## An introduction of Autoregressive flows

Recently, I am trying to apply normalizing flows to the time-series problems, and I found that Autoregressive flows are more suitable for time-series modelling than coupling flows. 

The joint distribution $p(\boldsymbol{x})$ of a known time series can be expressed as follows:

$$p(\boldsymbol{x}_{1:T})=p(\boldsymbol{x}_{1})p(\boldsymbol{x}_{2}|\boldsymbol{x}_{1})p(\boldsymbol{x}_{3}|\boldsymbol{x}_{2},\boldsymbol{x}_{1})p(\boldsymbol{x}_{4}|\boldsymbol{x}_{3},\boldsymbol{x}_{2},\boldsymbol{x}_{1})\ldots=\prod_{t=1}^{T}p(\boldsymbol{x}_{t}|\boldsymbol{x}_{1:t-1})$$

This is an **auto-regressive model**, and each node depends on its predecessors in the ordering. Specifically, $\boldsymbol{x}_{t}$ is only dependent on the previous time $\boldsymbol{x}_{1:t-1}$. 
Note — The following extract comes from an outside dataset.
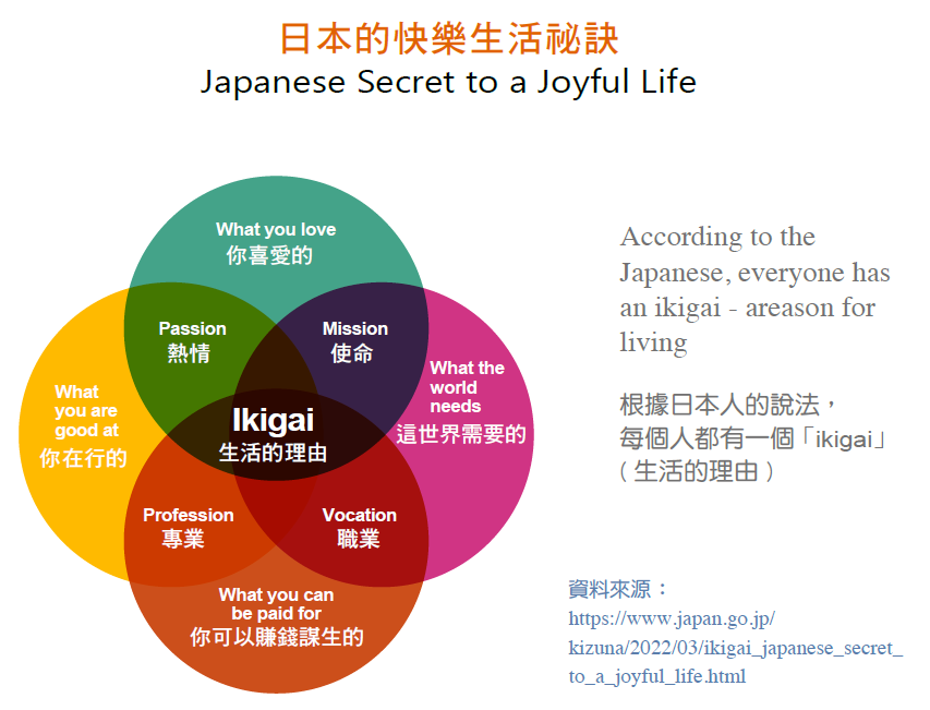 日本有一個幸福生活的理念:「Ikigai」,就是指「生活的意義」。當你找到生活的意義,就會看到活著的價值,從而覺得生活更有一股動力。同一個場合,我們也邀請到89 歲的日本樂齡人士若宮正子(Masako Wakamiya)到新加坡,分享她作為一個活躍長者的經驗。她在82 歲的時候開始創作手機程式,並受到蘋果執行長庫克的關注。她過著簡單的生活,每天做著自己喜歡的事情、分享知識,同時也把握機會學習新事物。其中之一是學習英文,因為許多海外人士都想跟她交流,為了方便交流,她開始學習英文,現在她可以用英語跟人溝通。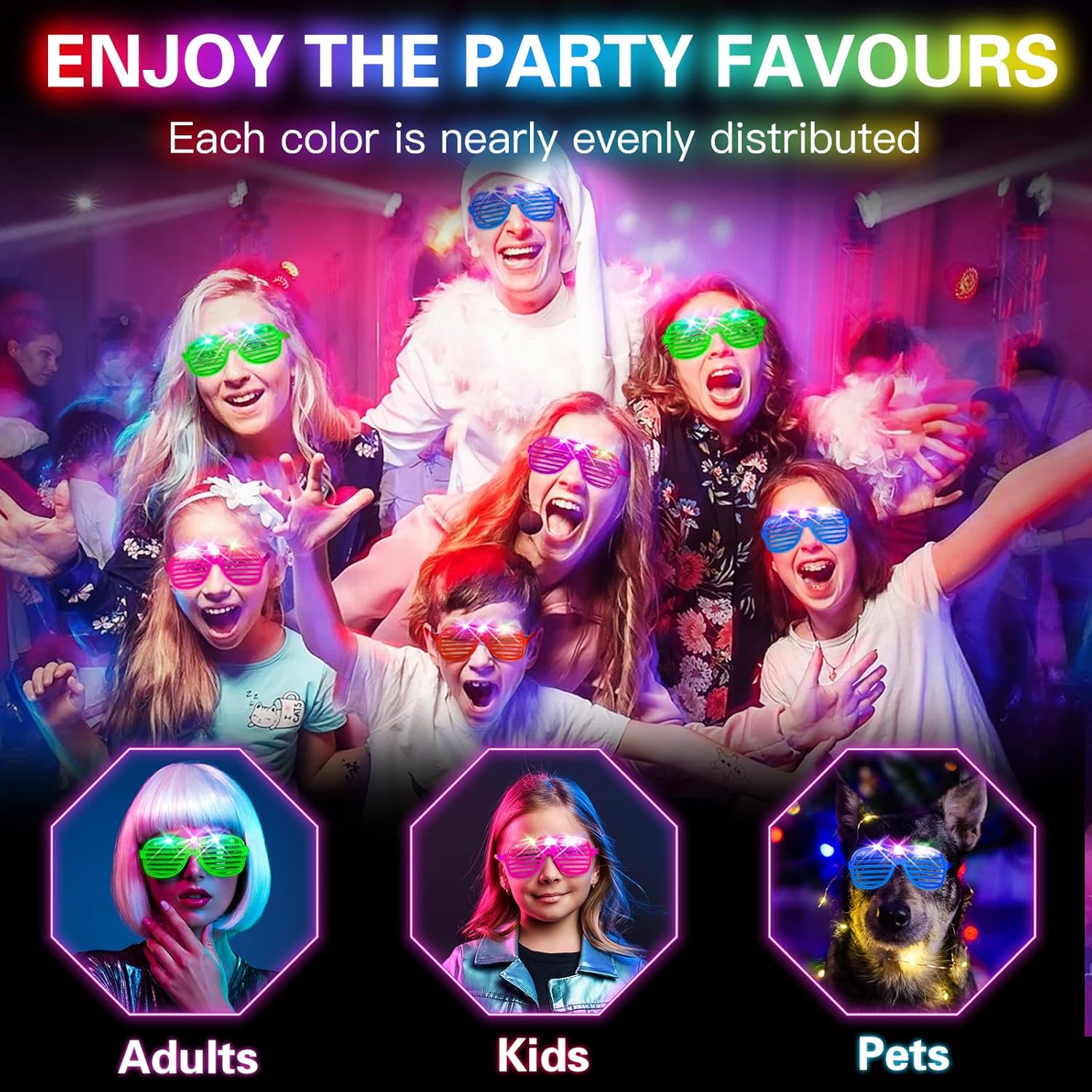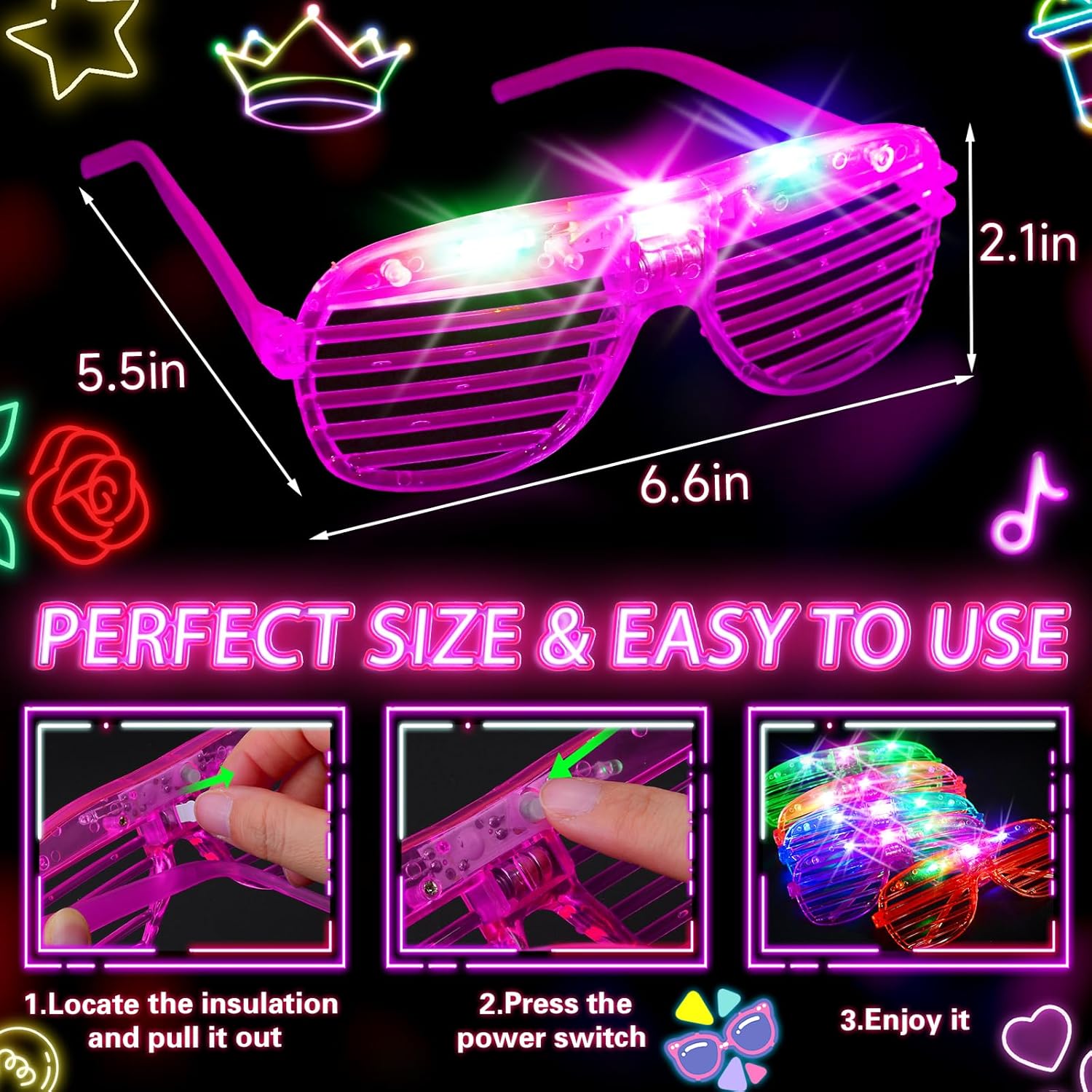 - 【Perfect 180 PCS Bulk Light Up Glasses】180 pcs glow in the dark glasses are available in a variety of colours - purple, blue, green, red, pink. Turn heads at your next party with these LED Shutter Glow Glasses. Large Quantity lets everyone enjoy the party!

It is suitable to use **autoregressive flows** to transform this joint distribution. And the dependency of special $x_i$ can be expressed as:

$$x_{t}=h(u_{t};\Theta(\boldsymbol{x}_{1:t-1})),\quad t=1,\ldots,T.$$

where $\boldsymbol{u}$ contains $T$ scalar elements, that is, $\boldsymbol{u}=(u_{1},\ldots,u_{T})\in\mathbb{R}^{T}$. 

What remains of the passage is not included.